## Information given
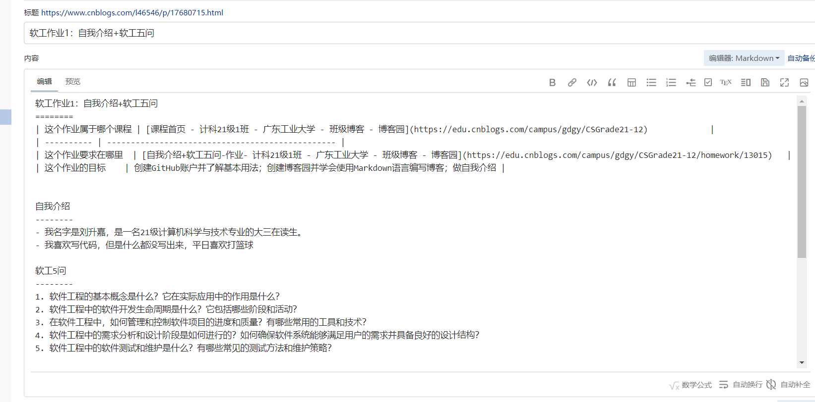 | 这个作业要求在哪里 | 自我介绍+软工五问-作业- 计科21级1班 - 广东工业大学 - 班级博客 - 博客园 |
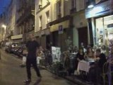 Fête de la musique 2008, les Jacqueline Maillan en concert rue Beauregard. Etienne(chant et accordéon), Jef et Gilles(guitare) et Marianne (flûte), interprètent "Tes fesses"
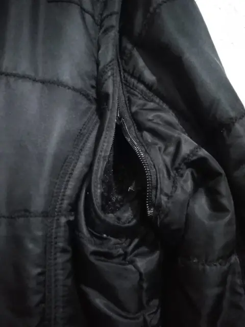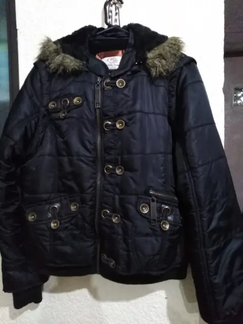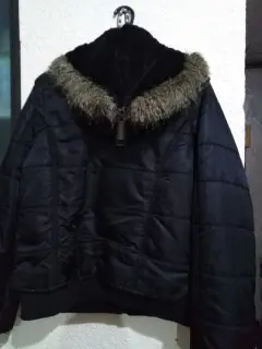 Chamarra corta color obscuro, dice talla G pero quedaría muy bien a una M en buen estado, se desmontan mangas y gorro, para quedar como chaleco, sin detalles
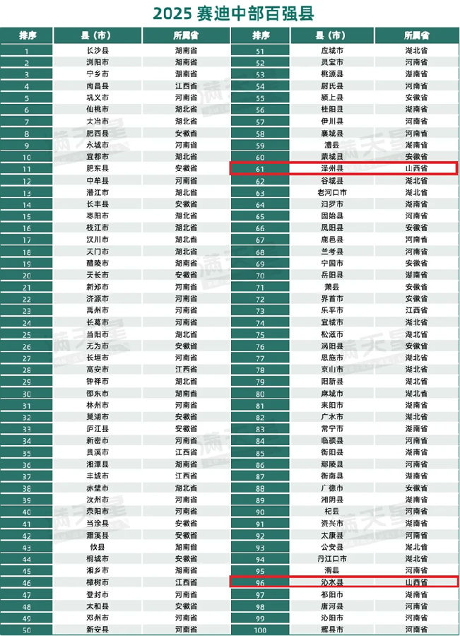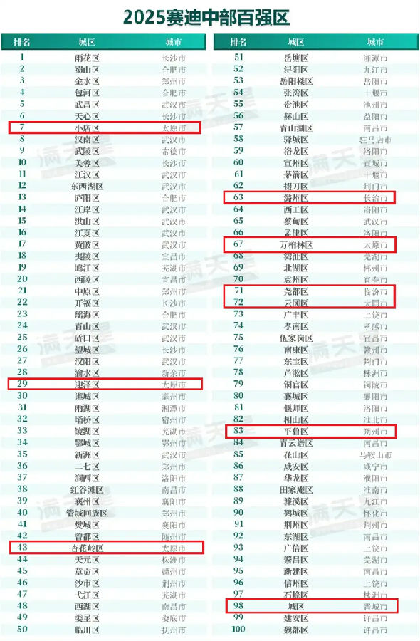 近日,赛迪顾问发布2025中西部县域、城区经济高质量发展研究成果,中部百强县、中部百强区等榜单出炉。山西省泽州县、沁水县上榜中部百强县榜单,分别位列第61、第96位;太原市小店区、迎泽区、杏花岭区、万柏林区,长治市潞州区,临汾市尧都区,大同市云冈区,朔州市平鲁区,晋城市城区9个区上榜中部百强区榜单。
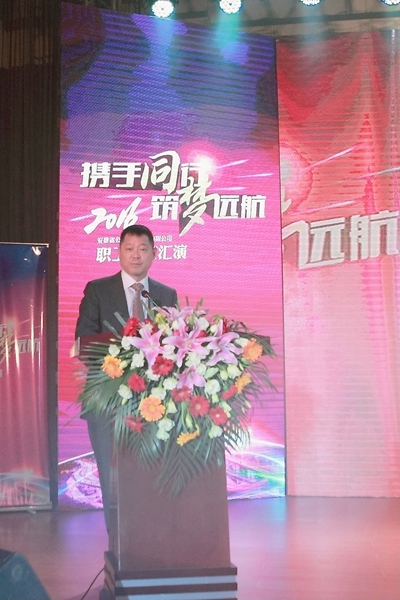 演出現(xiàn)場華燈璀璨,座無虛席,氣氛喜慶熱烈。匯演正式開始前,公司董事長、總經(jīng)理孫學(xué)軍發(fā)表了熱情洋溢的致辭。他首先代表公司向蒞臨現(xiàn)場的嘉賓及長期以來堅持在公司各個崗位的員工及家屬,致以誠摯的問候和新春的美好祝愿,向默默奉獻,為路橋事業(yè)奠基的前輩們致以崇高的敬意。指出,2015年,是宏觀形勢錯綜復(fù)雜的一年,也是公司成績斐然的一年,在建工集團的正確領(lǐng)導(dǎo)下,全體員工凝心聚力,開拓奮進,取得了驕人的業(yè)績。充滿機遇和挑戰(zhàn)的“十三五”已經(jīng)開局,全體路橋人要秉承優(yōu)良傳統(tǒng),凝心聚力,同舟共濟,譜寫安徽路橋新的輝煌。
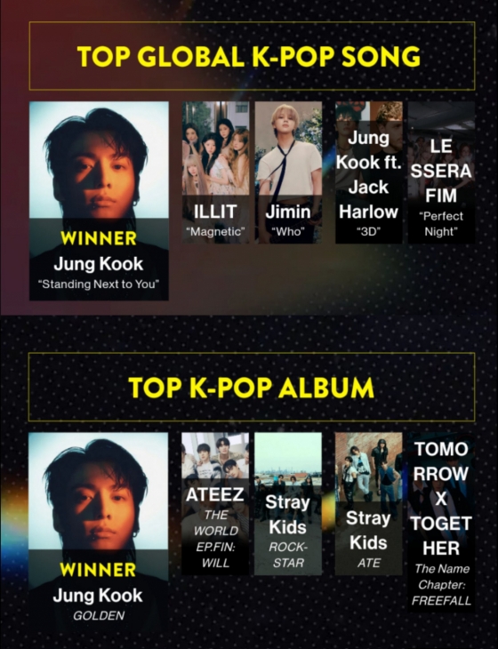지난해 'BBMAs'에서 자신의 첫 솔로 싱글 'Seven'(세븐)으로 '톱 글로벌 K-팝 송'을 수상한 정국은 솔로 활동으로 'BBMAs'에서 '2년 연속' 수상하는 영광을 누렸다.
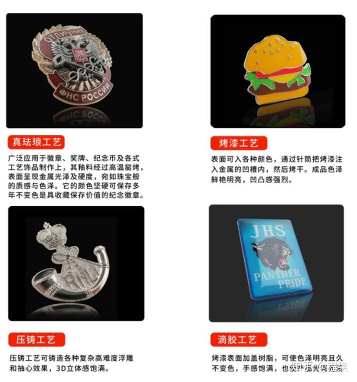 琺琅徽章:琺琅徽章又稱景泰藍徽章,屬於高檔的徽章工藝。材料主要是紅銅,用琺琅粉上色(sè)。製作琺琅徽章的特點要先上色後再磨石拋光電鍍,所以(yǐ)摸起來光滑平整。顏色均偏暗單一,可長久保存,但是琺(fà)琅(láng)易碎,不能重力敲擊或摔落。琺琅徽章常見於(yú)軍(jun1)隊的獎章,勳章,紀念章,車牌車標(biāo)等。
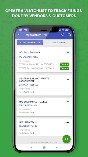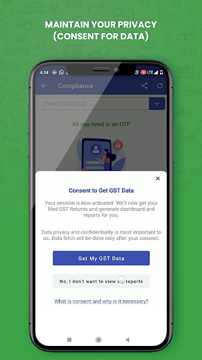 وكل هذا مجمع مع وعد بخصوصية كاملة وسرية. راقب امتثال GST الخاص بك لاتصال آمن بنظام GST. يضمن جلب البيانات المدفوعة OTP - يتم عرض بياناتك من قبل أنت فقط! نحن لا نقوم بتخزين أي من بياناتك!
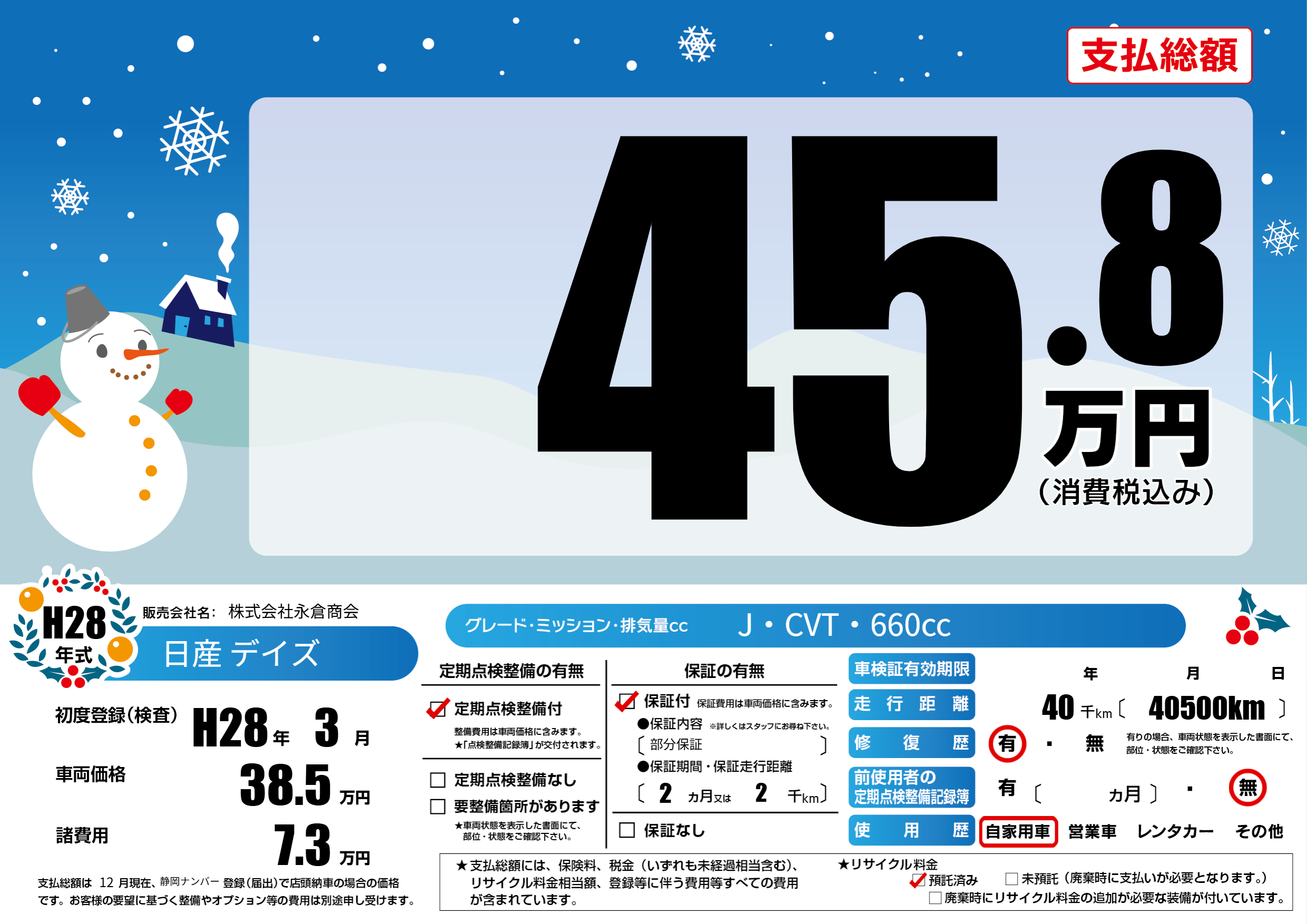 | 定期点検整備 | 定期点検整備あり | ||
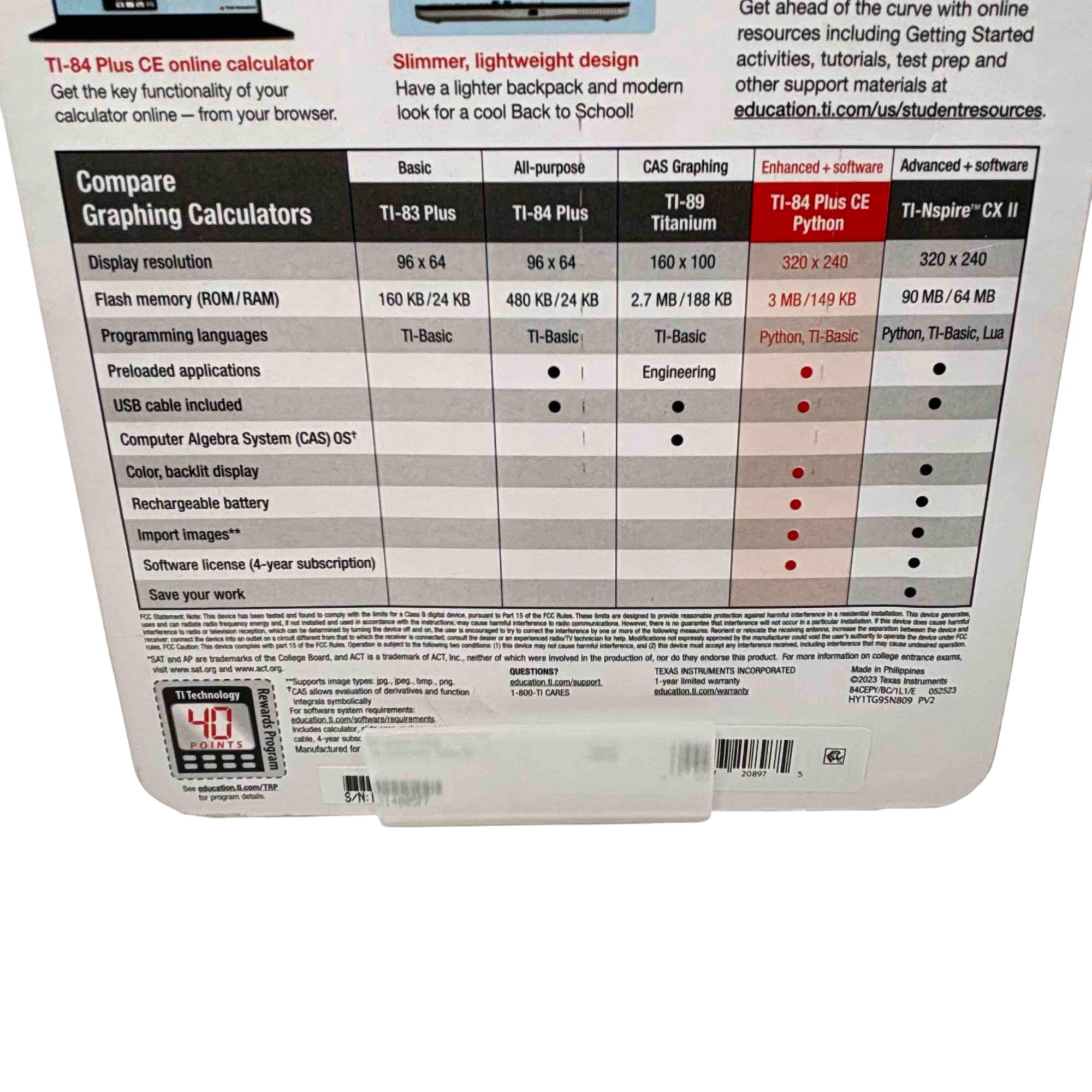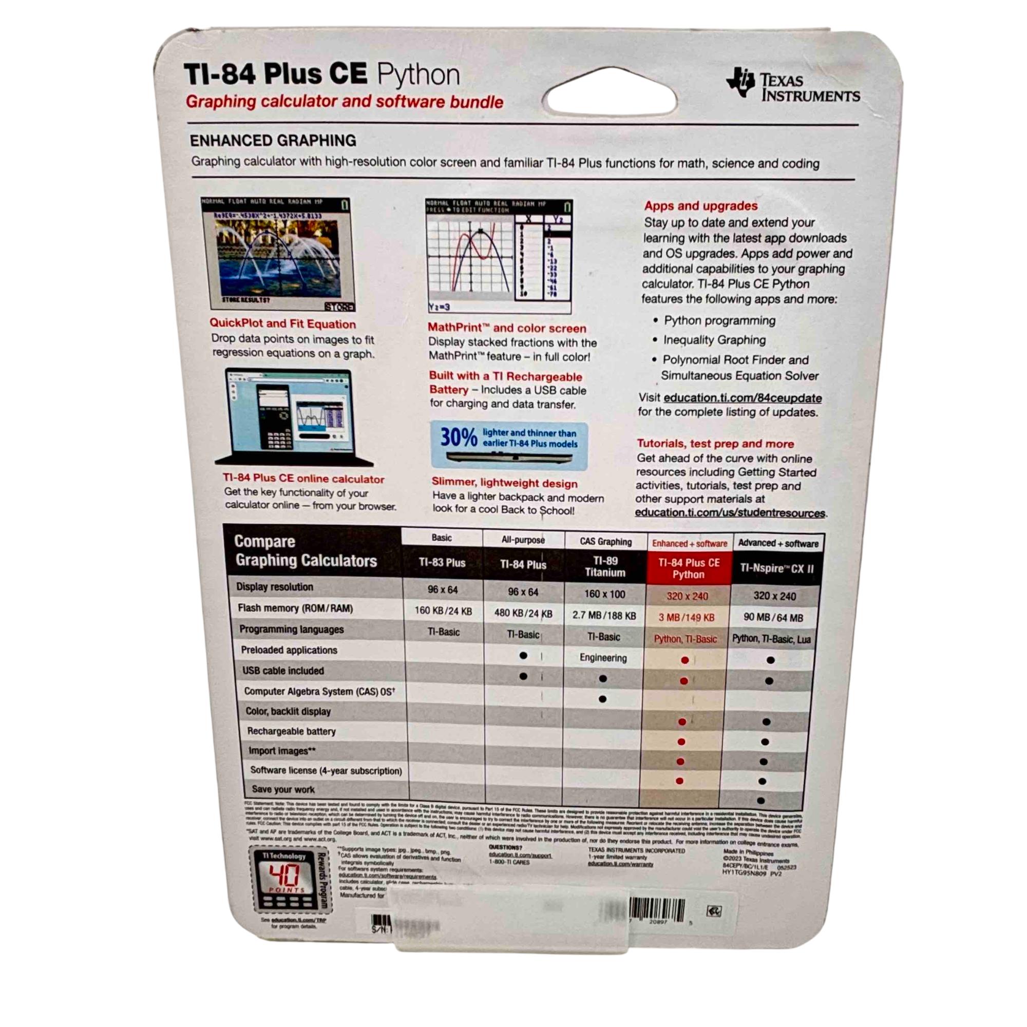 Unleash your mathematical potential with the Texas Instruments TI-84 Plus CE Python Enhanced Graphing Calculator. This cutting-edge device features a high-resolution color screen, preloaded apps, and a slim, lightweight design that makes it easy to carry. Whether tackling algebra, calculus, or programming, this versatile calculator is perfect for students and professionals looking to enhance their learning experience.
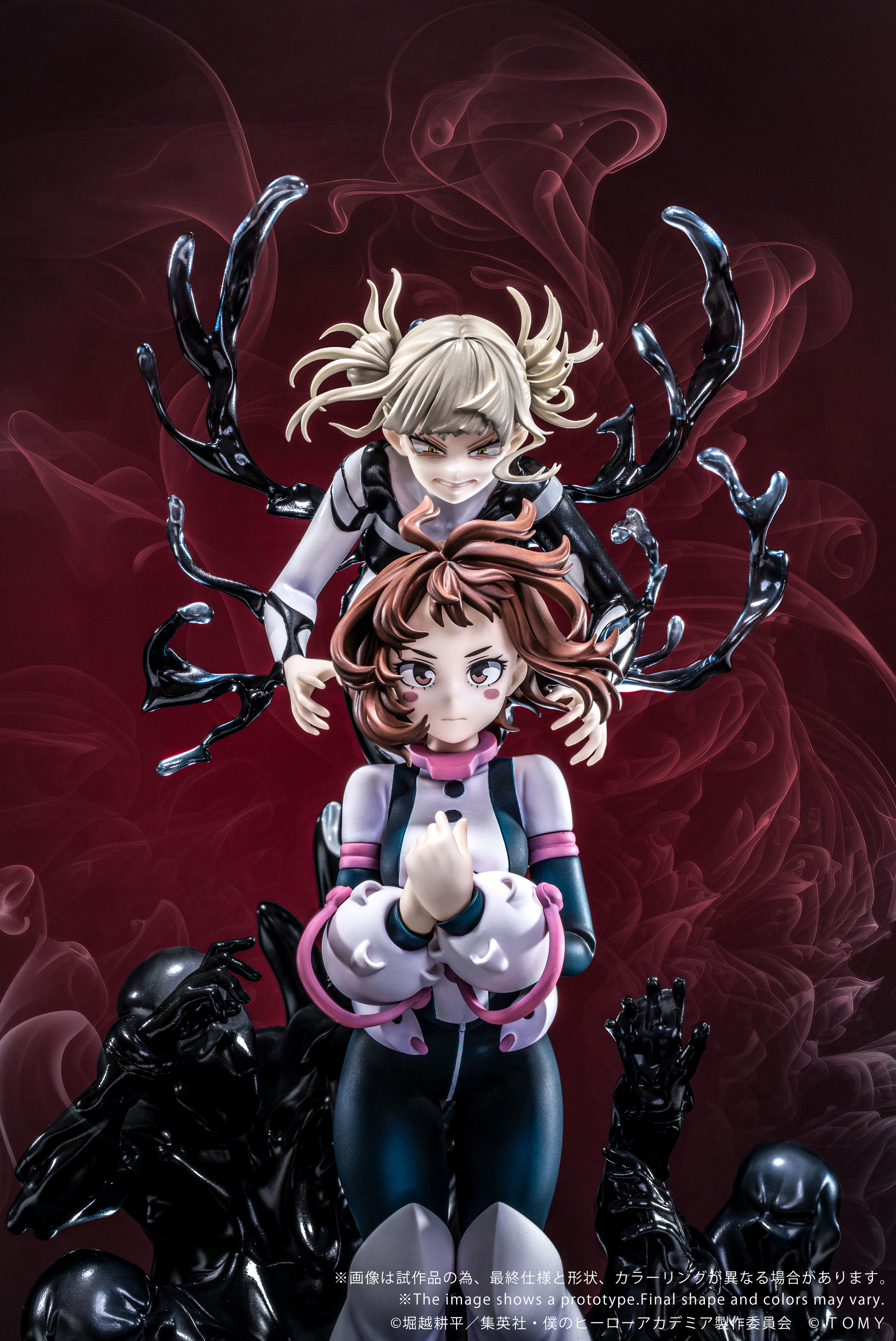 My Hero Academia. This figure depicts Himiko Toga's transformation into Twice and the infinite Twice clones proliferating from her, expressed on the base. It is a 1/10 scale vignette figure featuring Ochako Uraraka and Himiko Toga crafted with powerful sculpting.
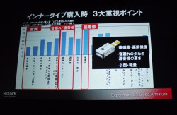 カナル型イヤホンの購入者が、購入時に重視するポイントについても調査が行われており、結果「音質」「音漏れ/遮音性能」「装着感」が“3大ポイント”として浮かび上がったと磯村氏は語る。これら調査の結果をベースに「インナーイヤータイプのユーザーニーズにぴたりと合うのが、今回ソニーが自信を持って発表するBA型のモデル」であると磯村氏は胸を張る。

## Work request
Once the pictures are set aside, reproduce the records in full and exactly.

## Answer for the task
 | 这个作业要求在哪里 | 自我介绍+软工五问-作业- 计科21级1班 - 广东工业大学 - 班级博客 - 博客园 |
 Fête de la musique 2008, les Jacqueline Maillan en concert rue Beauregard. Etienne(chant et accordéon), Jef et Gilles(guitare) et Marianne (flûte), interprètent "Tes fesses"
 Chamarra corta color obscuro, dice talla G pero quedaría muy bien a una M en buen estado, se desmontan mangas y gorro, para quedar como chaleco, sin detalles
 近日,赛迪顾问发布2025中西部县域、城区经济高质量发展研究成果,中部百强县、中部百强区等榜单出炉。山西省泽州县、沁水县上榜中部百强县榜单,分别位列第61、第96位;太原市小店区、迎泽区、杏花岭区、万柏林区,长治市潞州区,临汾市尧都区,大同市云冈区,朔州市平鲁区,晋城市城区9个区上榜中部百强区榜单。
 演出現(xiàn)場華燈璀璨,座無虛席,氣氛喜慶熱烈。匯演正式開始前,公司董事長、總經(jīng)理孫學(xué)軍發(fā)表了熱情洋溢的致辭。他首先代表公司向蒞臨現(xiàn)場的嘉賓及長期以來堅持在公司各個崗位的員工及家屬,致以誠摯的問候和新春的美好祝愿,向默默奉獻,為路橋事業(yè)奠基的前輩們致以崇高的敬意。指出,2015年,是宏觀形勢錯綜復(fù)雜的一年,也是公司成績斐然的一年,在建工集團的正確領(lǐng)導(dǎo)下,全體員工凝心聚力,開拓奮進,取得了驕人的業(yè)績。充滿機遇和挑戰(zhàn)的“十三五”已經(jīng)開局,全體路橋人要秉承優(yōu)良傳統(tǒng),凝心聚力,同舟共濟,譜寫安徽路橋新的輝煌。
지난해 'BBMAs'에서 자신의 첫 솔로 싱글 'Seven'(세븐)으로 '톱 글로벌 K-팝 송'을 수상한 정국은 솔로 활동으로 'BBMAs'에서 '2년 연속' 수상하는 영광을 누렸다.
 琺琅徽章:琺琅徽章又稱景泰藍徽章,屬於高檔的徽章工藝。材料主要是紅銅,用琺琅粉上色(sè)。製作琺琅徽章的特點要先上色後再磨石拋光電鍍,所以(yǐ)摸起來光滑平整。顏色均偏暗單一,可長久保存,但是琺(fà)琅(láng)易碎,不能重力敲擊或摔落。琺琅徽章常見於(yú)軍(jun1)隊的獎章,勳章,紀念章,車牌車標(biāo)等。
 وكل هذا مجمع مع وعد بخصوصية كاملة وسرية. راقب امتثال GST الخاص بك لاتصال آمن بنظام GST. يضمن جلب البيانات المدفوعة OTP - يتم عرض بياناتك من قبل أنت فقط! نحن لا نقوم بتخزين أي من بياناتك!
 | 定期点検整備 | 定期点検整備あり | ||
 Unleash your mathematical potential with the Texas Instruments TI-84 Plus CE Python Enhanced Graphing Calculator. This cutting-edge device features a high-resolution color screen, preloaded apps, and a slim, lightweight design that makes it easy to carry. Whether tackling algebra, calculus, or programming, this versatile calculator is perfect for students and professionals looking to enhance their learning experience.
 My Hero Academia. This figure depicts Himiko Toga's transformation into Twice and the infinite Twice clones proliferating from her, expressed on the base. It is a 1/10 scale vignette figure featuring Ochako Uraraka and Himiko Toga crafted with powerful sculpting.
 カナル型イヤホンの購入者が、購入時に重視するポイントについても調査が行われており、結果「音質」「音漏れ/遮音性能」「装着感」が“3大ポイント”として浮かび上がったと磯村氏は語る。これら調査の結果をベースに「インナーイヤータイプのユーザーニーズにぴたりと合うのが、今回ソニーが自信を持って発表するBA型のモデル」であると磯村氏は胸を張る。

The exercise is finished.